2.4. La legge n. 42 del 2000 e' stata pubblicata nella Gazzetta
Ufficiale della Repubblica italiana n. 54 del 6 marzo 2000 e, non
essendo previsto un diverso termine, e' entrata in vigore nel
quindicesimo giorno successivo (come stabilito dall'art. 73, terzo
comma, della Costituzione), dunque in data 21 marzo 2000.
2.5. Nel caso di specie, per il primo biennio (dal 2001 al 2003),
svolto quando l'appellante non superava i quarantacinque anni di
eta', il premio e' stato corrisposto per meta' al momento
dell'assunzione della ferma e per la residua meta' dopo dodici mesi
(ai sensi dell'art. 1, comma 2, lettera a), cui rinvia l'art. 3,
comma 1).
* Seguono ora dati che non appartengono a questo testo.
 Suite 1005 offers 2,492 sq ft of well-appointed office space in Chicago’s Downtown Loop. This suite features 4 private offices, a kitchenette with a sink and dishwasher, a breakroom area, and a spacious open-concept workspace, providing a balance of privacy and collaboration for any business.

Per gli altri bienni (dal 2003 al 2011), svolti dopo che
l'appellante aveva superato i quarantacinque anni di eta', il
pagamento, da erogare in un'unica soluzione, e' stato differito al
raggiungimento dei limiti di eta' per la cessazione del servizio.
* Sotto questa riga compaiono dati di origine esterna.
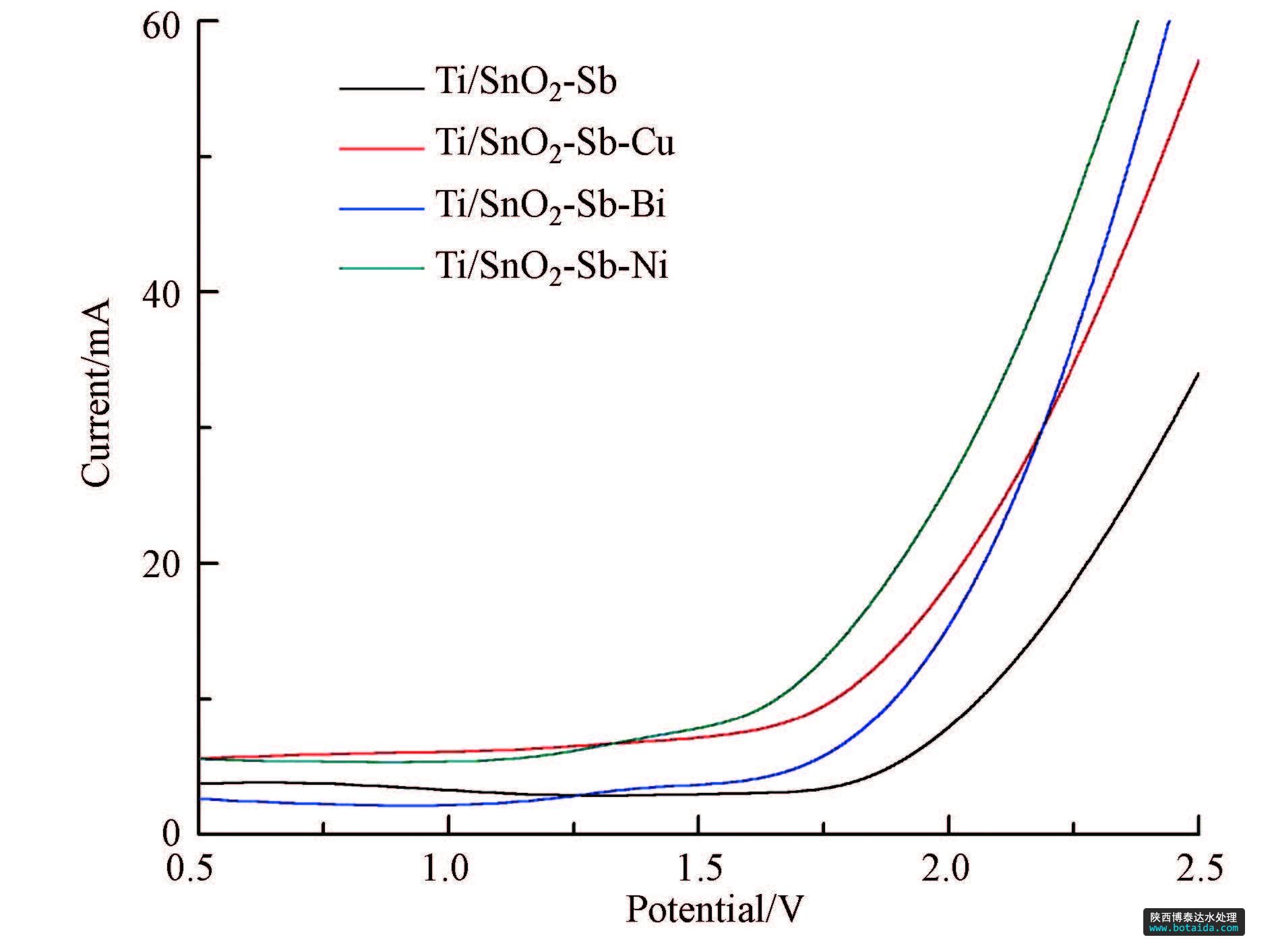利用CHI 760C電化學(xué)工作站測(cè)試電極的電化學(xué)性能,根據(jù)極化曲線考察摻雜不同金屬對(duì)Ti/SnO2-Sb電極析氧電位的影響,用恒電位下的電流-時(shí)間曲線反映電極的穩(wěn)定性,以循環(huán)伏安曲線考察電極催化性能.采用三電極體系:制備電極為工作電極、純鈦板為輔助電極、飽和甘汞電極為參比電極,在常溫25 ℃條件下,測(cè)定其在0.5 mol · L-1硫酸鈉溶液中的極化曲線,在恒電位(1 V)下測(cè)定電流與時(shí)間的關(guān)系曲線,并在0.5 mol · L-1 Na2SO4溶液和0.5 mol · L-1 Na2SO4+100 mg · L-1 1,4-二氯苯溶液中對(duì)改性Ti/SnO2-Sb電極進(jìn)行循環(huán)伏安測(cè)試.

2.6. Prima che il militare venisse posto in congedo, l'art. 2268,
comma 1, numero 975), del codice dell'ordinamento militare approvato
con decreto legislativo 15 marzo 2010, n. 66, ha abrogato - con
decorrenza dalla sua entrata in vigore, avvenuta l'8 ottobre 2010 -
gli articoli 1, 2 e 4 della legge n. 42 del 2000. Il medesimo codice
ha tuttavia confermato la facolta' di accedere a una ferma volontaria
di durata biennale, rinnovabile per non piu' di quattro volte entro
il quarantacinquesimo anno di eta', per gli ufficiali in servizio
permanente delle Forze armate in possesso del brevetto di pilota
militare che hanno ultimato la ferma obbligatoria e maturato almeno
sedici anni di servizio (art. 966), prevedendo altresi' la
corresponsione di un premio (art. 1803), il cui importo e' stato poi
ridotto alla meta' dall'art. 1, comma 260, della legge 23 dicembre
2014, n. 190. Inoltre, l'art. 2261 ha previsto un premio per gli
ufficiali in servizio permanente dell'Esercito italiano, della Marina
militare e dell'Aeronautica militare che non avessero potuto
contrarre tutti i periodi di ferma volontaria di cui all'art. 966
c.m., con importi e a condizioni diverse a seconda dell'eta'. Infine,
l'art. 2262 ha dettato un'analoga disciplina per gli ufficiali e i
sottufficiali dell'Esercito italiano, della Marina militare e
dell'Aeronautica militare addetti al controllo del traffico aereo.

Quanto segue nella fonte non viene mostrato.